PhD candidate Niloufar Khosravi, Princess Margaret Cancer Centre scientist Dr. Ralph DaCosta and Professor John Davies are members of a research team that have uncovered new information about medical devices that could accelerate post-surgical healing. (Photo: Luke Ng / University of Toronto).
June 18, 2018 | By Luke Ng
A University of Toronto research team has uncovered new information that could accelerate post-surgical healing for procedures involving medical devices as diverse as dental implants and skin dressings.
Their paper, published in Nature Communications Biology today, describes how different implant surface textures affect a fundamental process in the body’s ability to heal the area surrounding the implant.
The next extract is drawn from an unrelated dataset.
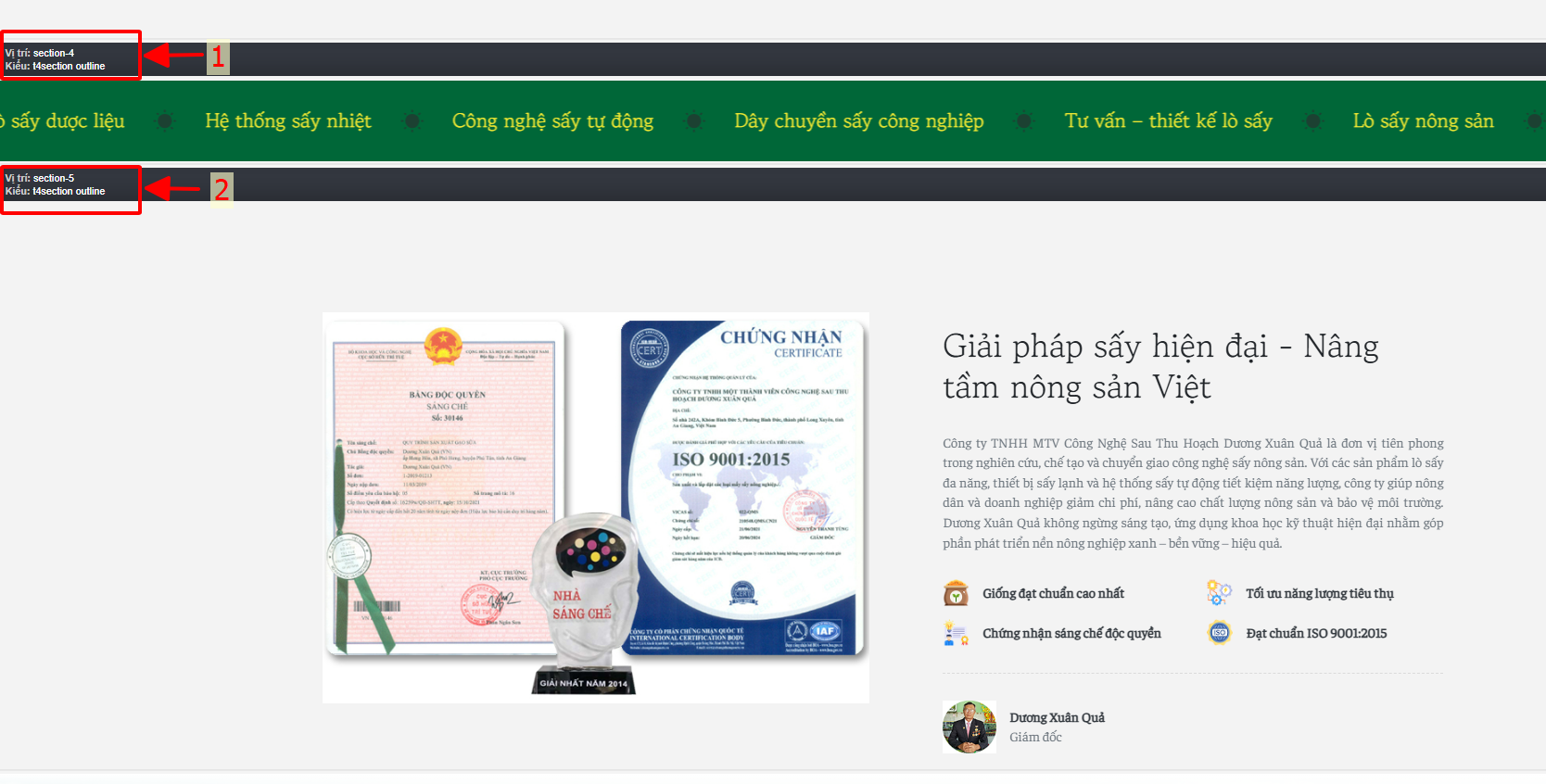 Bước 3: Sau khi chọn xem trước sẽ xuất hiện trang web ở trang chủ có các Module cần tìm, vị trí Module là “1. section-4” và “2. section-5”.

“We have known for decades that creating nano-scale implant surface texture improves clinical success rates,” said John E. Davies, a professor in U of T’s Faculty of Dentistry and Institute of Biomaterials & Biomedical Engineering (IBBME)—the senior author of this study. “However, little was known of the cellular mechanisms by which the implant surface affects the healing process.”
The team, co-led by Princess Margaret Cancer Centre scientist Dr. Ralph DaCosta, looked at the effect of implant surface texture on neovascularization—the process of blood vessel formation— around implants.
“The ability for blood vessels to form around an implant is a key factor in its successful tissue integration,” said Niloufar Khosravi, a PhD candidate in Davies’ lab and the study’s first author. “Indeed, neovascularization is vital for tissue healing and regeneration around the implant.”
To study this effect, the team built a model that allowed them to observe the implant healing process in real time using intravital optical microscopic imaging systems developed in DaCosta’s lab. Their experiments monitored the formation of new blood vessels around a series of medical-grade titanium implants at the cellular level, and how the distribution and pattern of neovascularization changed in the presence of implants of differing surface texture.
“We did not initially expect blood vessels to be clearly visible in this model,” said Khosravi. “We decided to add an imaging contrast agent after a few pilot studies and the resulting resolution was remarkably higher than we expected. It allowed us to monitor not only the rate, but also the location, shape, function and pattern of new blood vessels around implants over a six week period.”
In addition to adding new knowledge for designing better medical implants, the team’s findings could also address other related challenges in human health.
“We can use this knowledge to build broader implantable biomaterials to improve the quality of life for people who have impaired healing conditions, such as the elderly or persons with diabetes,” said DaCosta, who is also an assistant professor in U of T’s Department of Medical Biophysics. “We now have new tools and strategies to better support the body’s natural repair process.”